▶ **WHAT YOU WILL DO**: Find "Sobrado em condomínio" below and begin at its line; stop after the line with "Ein besonderer Dank". Output those lines exactly, without pictures.

▶ **ENTRIES SHOWN**:
_____

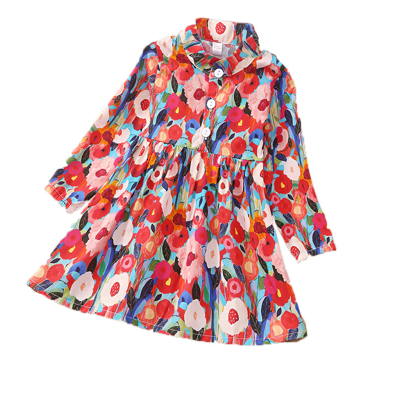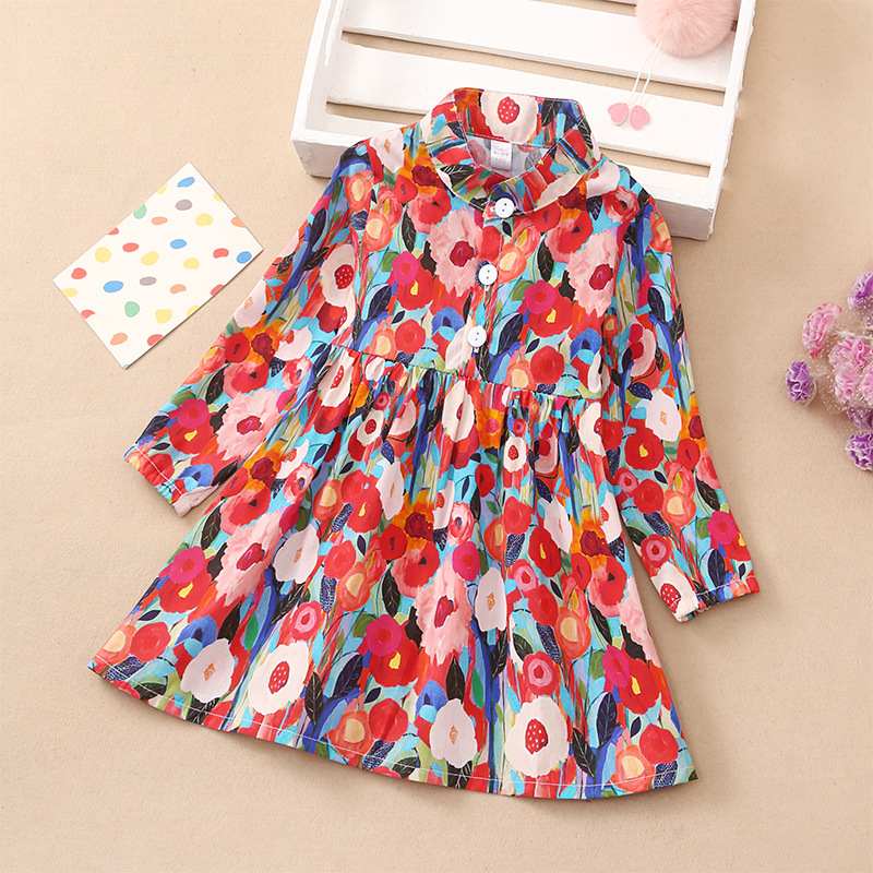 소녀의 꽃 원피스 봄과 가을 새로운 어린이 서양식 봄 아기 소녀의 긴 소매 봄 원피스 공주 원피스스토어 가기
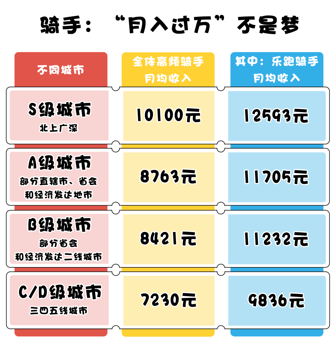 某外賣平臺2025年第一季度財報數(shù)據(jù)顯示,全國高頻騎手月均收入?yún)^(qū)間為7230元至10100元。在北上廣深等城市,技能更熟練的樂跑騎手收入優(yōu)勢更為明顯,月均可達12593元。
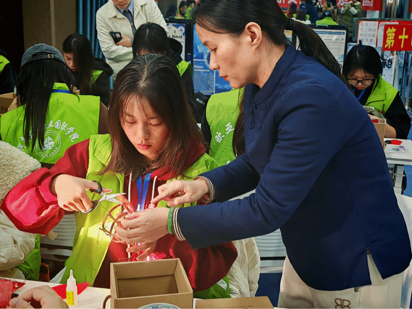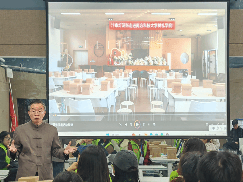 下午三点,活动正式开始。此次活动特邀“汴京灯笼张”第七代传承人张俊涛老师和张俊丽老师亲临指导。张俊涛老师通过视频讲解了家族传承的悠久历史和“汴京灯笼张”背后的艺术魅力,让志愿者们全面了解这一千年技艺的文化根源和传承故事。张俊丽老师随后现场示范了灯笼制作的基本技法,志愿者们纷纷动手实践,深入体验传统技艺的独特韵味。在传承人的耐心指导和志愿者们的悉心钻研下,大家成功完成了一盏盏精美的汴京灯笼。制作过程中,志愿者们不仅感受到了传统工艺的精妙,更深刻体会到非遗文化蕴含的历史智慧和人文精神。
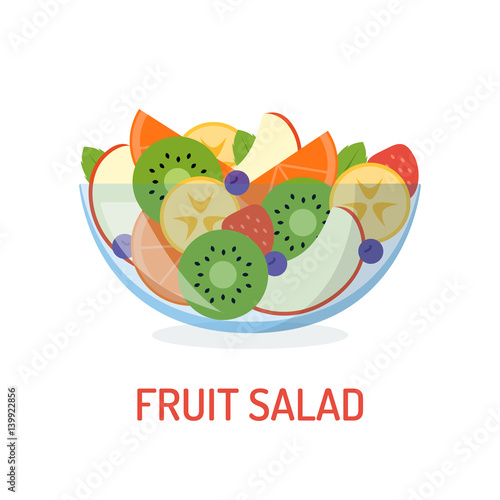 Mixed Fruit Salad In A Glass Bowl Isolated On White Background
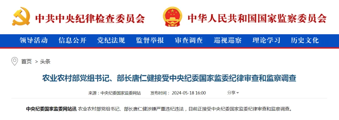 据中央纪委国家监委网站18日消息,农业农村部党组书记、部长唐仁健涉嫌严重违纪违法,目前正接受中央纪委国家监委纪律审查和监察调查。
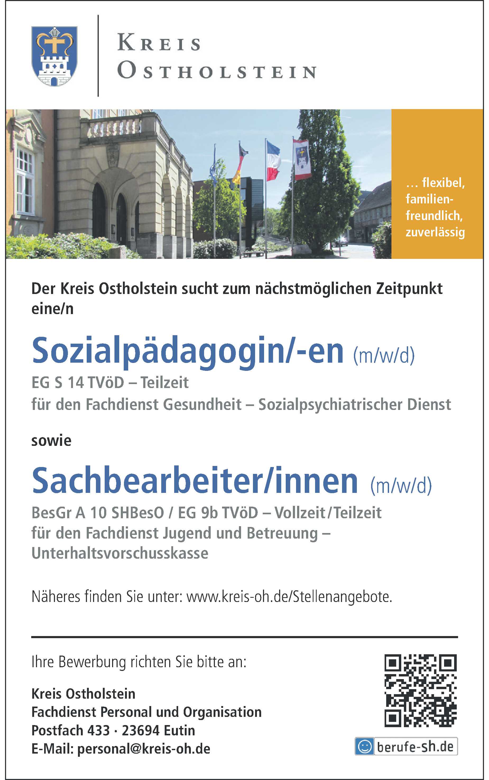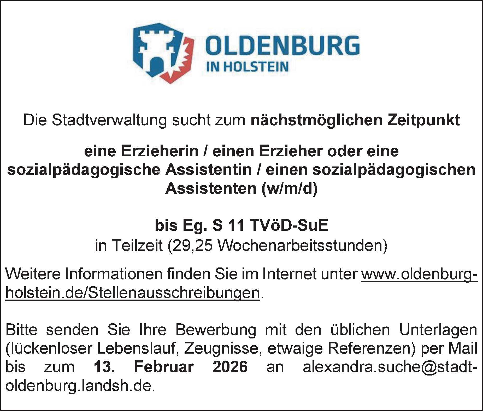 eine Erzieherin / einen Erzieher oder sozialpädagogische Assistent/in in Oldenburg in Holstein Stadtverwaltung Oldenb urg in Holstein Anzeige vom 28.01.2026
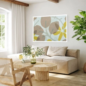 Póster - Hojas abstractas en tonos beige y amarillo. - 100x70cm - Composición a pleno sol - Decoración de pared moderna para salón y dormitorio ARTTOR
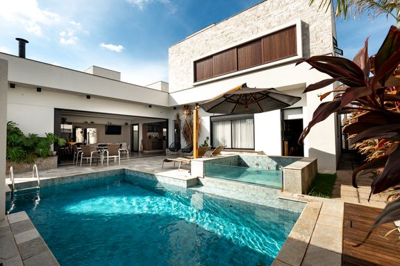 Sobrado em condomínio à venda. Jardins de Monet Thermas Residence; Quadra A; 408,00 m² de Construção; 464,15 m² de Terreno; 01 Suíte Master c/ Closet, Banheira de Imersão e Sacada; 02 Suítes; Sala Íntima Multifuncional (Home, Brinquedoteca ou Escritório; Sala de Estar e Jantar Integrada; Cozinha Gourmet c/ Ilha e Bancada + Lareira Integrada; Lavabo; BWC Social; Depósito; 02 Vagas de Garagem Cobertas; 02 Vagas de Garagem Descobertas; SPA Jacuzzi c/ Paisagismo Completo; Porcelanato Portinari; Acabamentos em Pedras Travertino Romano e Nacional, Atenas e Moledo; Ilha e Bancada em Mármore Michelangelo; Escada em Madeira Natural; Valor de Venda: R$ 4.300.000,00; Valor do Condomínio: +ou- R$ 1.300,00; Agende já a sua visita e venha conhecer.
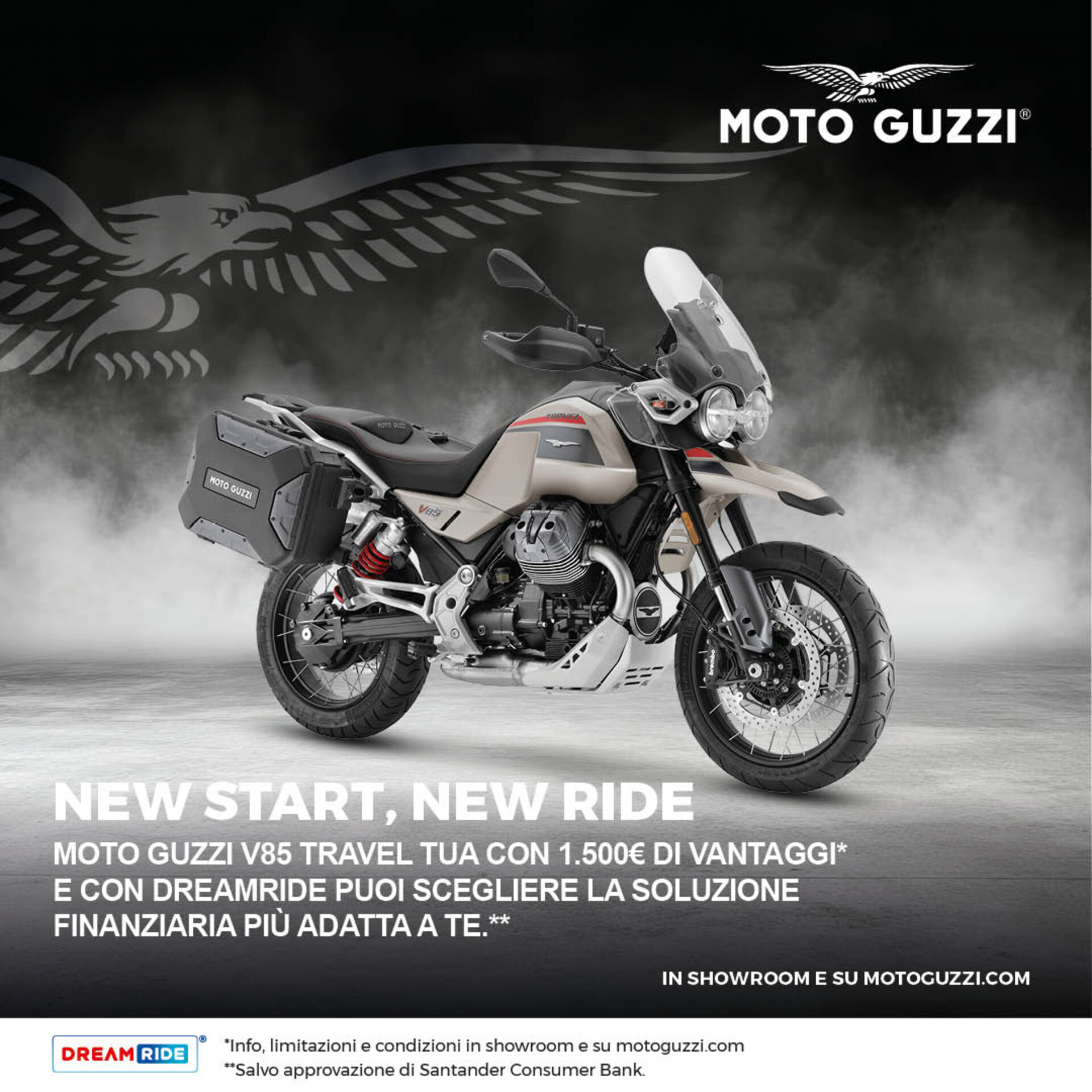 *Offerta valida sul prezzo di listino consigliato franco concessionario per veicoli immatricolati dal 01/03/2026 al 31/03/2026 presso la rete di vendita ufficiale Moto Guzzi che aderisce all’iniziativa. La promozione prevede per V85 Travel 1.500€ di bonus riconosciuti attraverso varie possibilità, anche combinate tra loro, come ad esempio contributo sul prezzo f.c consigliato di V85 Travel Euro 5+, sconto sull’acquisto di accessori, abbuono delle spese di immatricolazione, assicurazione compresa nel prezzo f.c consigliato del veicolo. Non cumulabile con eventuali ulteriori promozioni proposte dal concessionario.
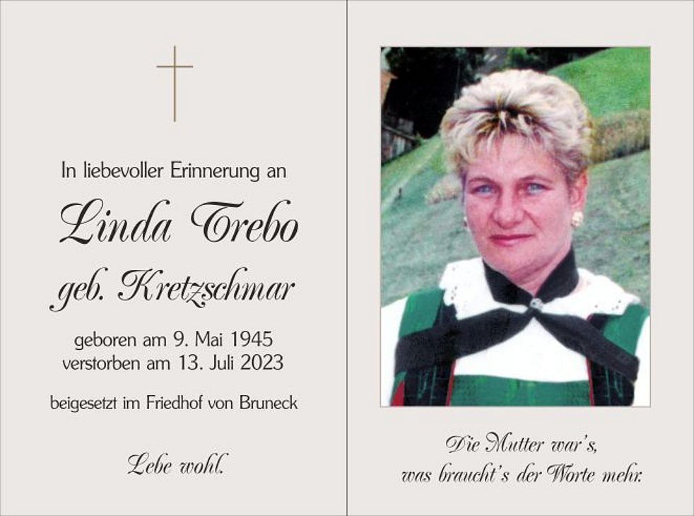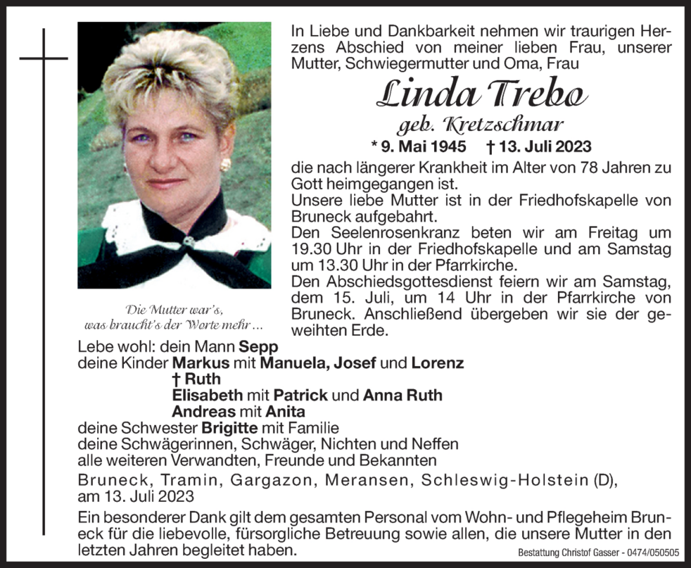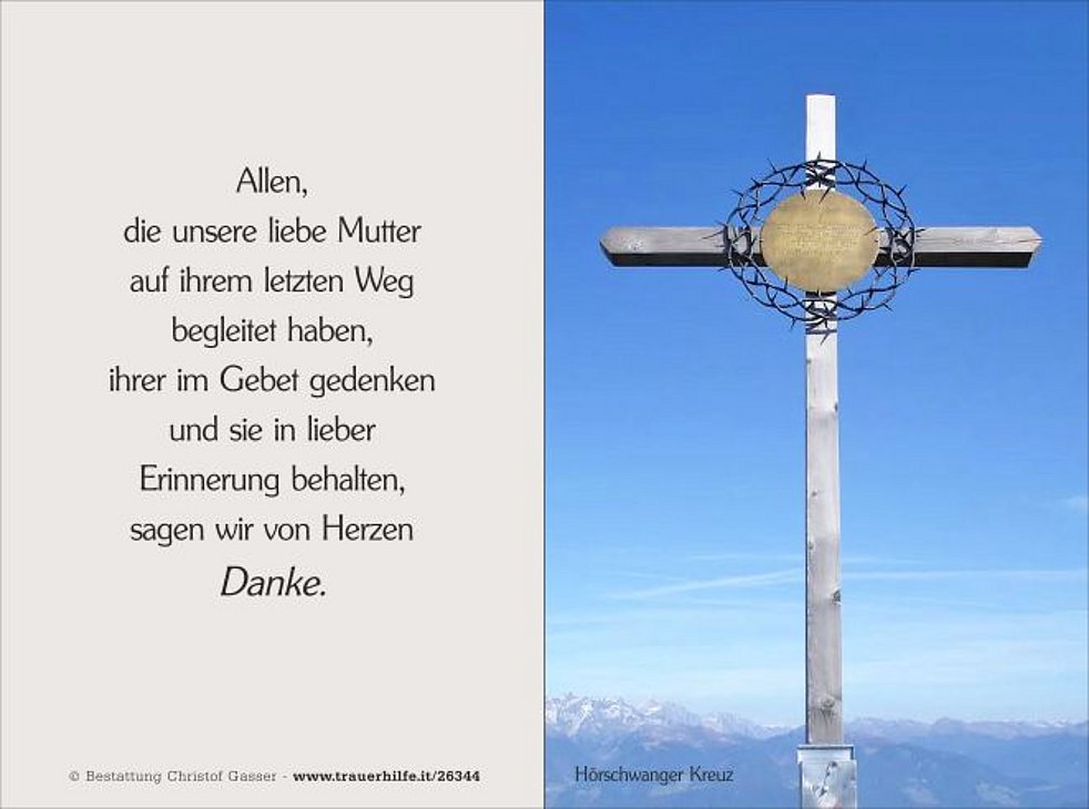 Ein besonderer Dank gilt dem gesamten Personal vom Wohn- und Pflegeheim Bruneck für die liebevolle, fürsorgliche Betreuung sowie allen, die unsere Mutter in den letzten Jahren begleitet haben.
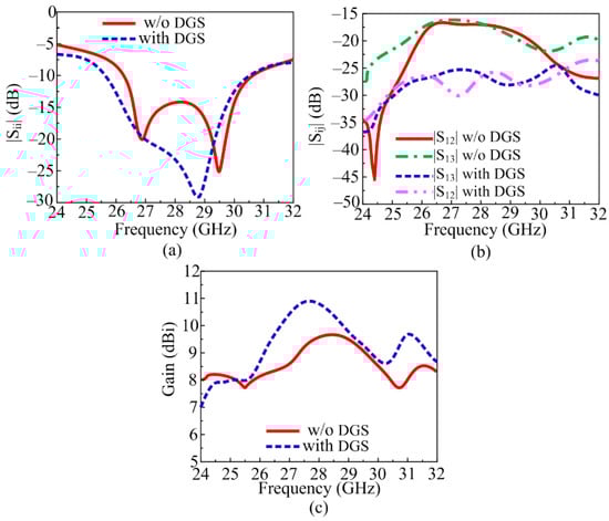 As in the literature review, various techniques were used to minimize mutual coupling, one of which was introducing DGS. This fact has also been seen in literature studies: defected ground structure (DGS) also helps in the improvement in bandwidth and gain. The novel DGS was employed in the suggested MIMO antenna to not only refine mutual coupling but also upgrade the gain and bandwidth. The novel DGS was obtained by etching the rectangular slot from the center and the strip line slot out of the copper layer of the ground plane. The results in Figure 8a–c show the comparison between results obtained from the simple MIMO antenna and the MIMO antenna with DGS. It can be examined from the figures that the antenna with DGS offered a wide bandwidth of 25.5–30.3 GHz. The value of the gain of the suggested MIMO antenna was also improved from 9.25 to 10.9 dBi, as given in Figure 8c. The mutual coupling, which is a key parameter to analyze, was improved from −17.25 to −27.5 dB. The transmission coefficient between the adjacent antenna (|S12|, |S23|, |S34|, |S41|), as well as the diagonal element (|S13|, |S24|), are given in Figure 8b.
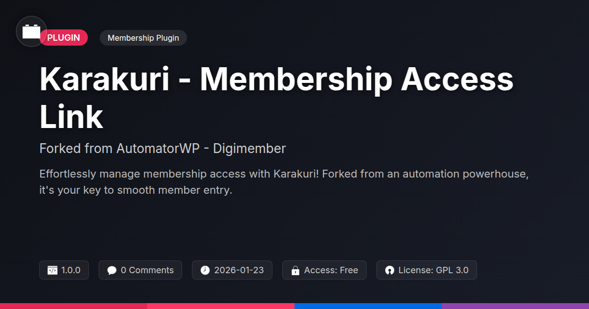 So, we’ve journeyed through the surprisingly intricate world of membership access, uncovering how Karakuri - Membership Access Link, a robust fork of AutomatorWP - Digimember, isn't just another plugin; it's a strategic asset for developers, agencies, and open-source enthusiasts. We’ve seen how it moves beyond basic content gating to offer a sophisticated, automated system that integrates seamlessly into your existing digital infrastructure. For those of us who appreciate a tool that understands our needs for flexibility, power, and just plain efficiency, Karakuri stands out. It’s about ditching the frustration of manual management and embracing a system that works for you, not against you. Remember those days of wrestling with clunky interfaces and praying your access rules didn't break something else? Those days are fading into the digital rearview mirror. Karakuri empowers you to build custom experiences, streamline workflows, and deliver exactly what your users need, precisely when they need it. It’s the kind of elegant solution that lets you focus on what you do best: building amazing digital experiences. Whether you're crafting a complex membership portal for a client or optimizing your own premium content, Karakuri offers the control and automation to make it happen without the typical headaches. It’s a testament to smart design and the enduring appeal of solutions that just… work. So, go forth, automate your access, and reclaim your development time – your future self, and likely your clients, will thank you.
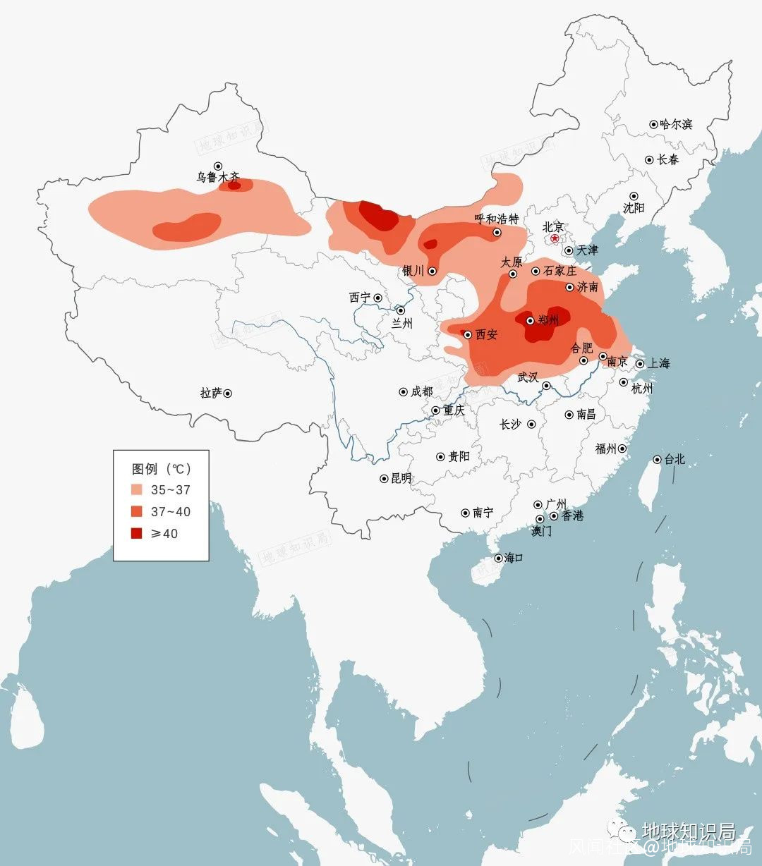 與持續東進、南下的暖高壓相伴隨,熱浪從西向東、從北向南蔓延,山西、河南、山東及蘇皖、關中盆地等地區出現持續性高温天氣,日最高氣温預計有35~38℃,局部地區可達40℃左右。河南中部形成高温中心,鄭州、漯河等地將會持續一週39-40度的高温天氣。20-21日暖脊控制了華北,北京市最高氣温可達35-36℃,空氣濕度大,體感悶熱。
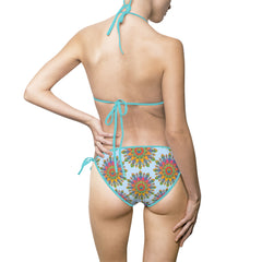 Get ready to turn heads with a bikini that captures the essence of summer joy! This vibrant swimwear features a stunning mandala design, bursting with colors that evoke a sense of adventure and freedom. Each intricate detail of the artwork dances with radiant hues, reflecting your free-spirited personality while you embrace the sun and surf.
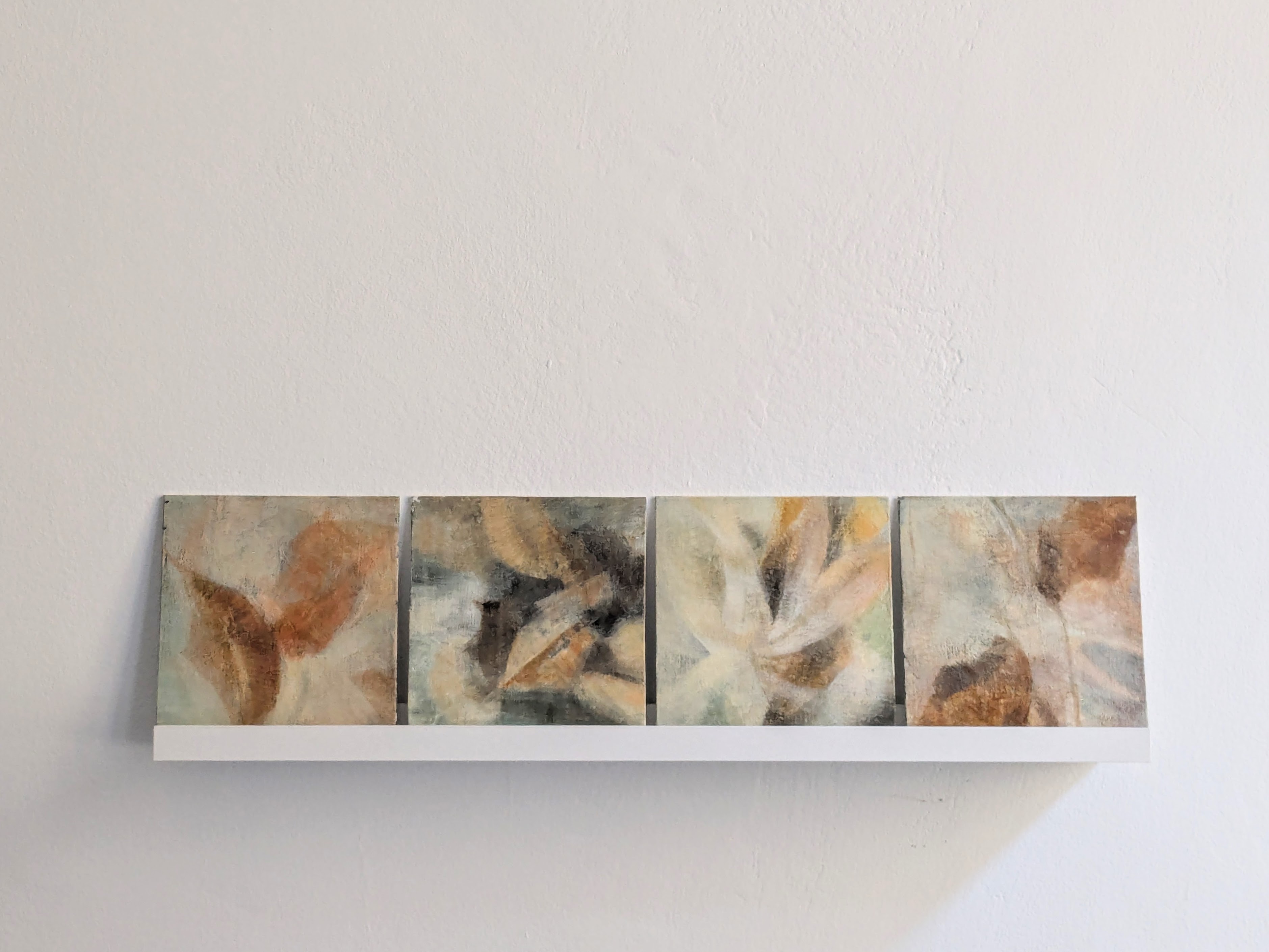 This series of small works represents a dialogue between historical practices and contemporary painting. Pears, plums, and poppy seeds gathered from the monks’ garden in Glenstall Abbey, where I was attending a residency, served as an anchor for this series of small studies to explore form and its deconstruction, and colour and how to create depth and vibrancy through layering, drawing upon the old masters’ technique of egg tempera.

_____

▶ **ANSWER FOR THE TASK**:
 Sobrado em condomínio à venda. Jardins de Monet Thermas Residence; Quadra A; 408,00 m² de Construção; 464,15 m² de Terreno; 01 Suíte Master c/ Closet, Banheira de Imersão e Sacada; 02 Suítes; Sala Íntima Multifuncional (Home, Brinquedoteca ou Escritório; Sala de Estar e Jantar Integrada; Cozinha Gourmet c/ Ilha e Bancada + Lareira Integrada; Lavabo; BWC Social; Depósito; 02 Vagas de Garagem Cobertas; 02 Vagas de Garagem Descobertas; SPA Jacuzzi c/ Paisagismo Completo; Porcelanato Portinari; Acabamentos em Pedras Travertino Romano e Nacional, Atenas e Moledo; Ilha e Bancada em Mármore Michelangelo; Escada em Madeira Natural; Valor de Venda: R$ 4.300.000,00; Valor do Condomínio: +ou- R$ 1.300,00; Agende já a sua visita e venha conhecer.
 *Offerta valida sul prezzo di listino consigliato franco concessionario per veicoli immatricolati dal 01/03/2026 al 31/03/2026 presso la rete di vendita ufficiale Moto Guzzi che aderisce all’iniziativa. La promozione prevede per V85 Travel 1.500€ di bonus riconosciuti attraverso varie possibilità, anche combinate tra loro, come ad esempio contributo sul prezzo f.c consigliato di V85 Travel Euro 5+, sconto sull’acquisto di accessori, abbuono delle spese di immatricolazione, assicurazione compresa nel prezzo f.c consigliato del veicolo. Non cumulabile con eventuali ulteriori promozioni proposte dal concessionario.
 Ein besonderer Dank gilt dem gesamten Personal vom Wohn- und Pflegeheim Bruneck für die liebevolle, fürsorgliche Betreuung sowie allen, die unsere Mutter in den letzten Jahren begleitet haben.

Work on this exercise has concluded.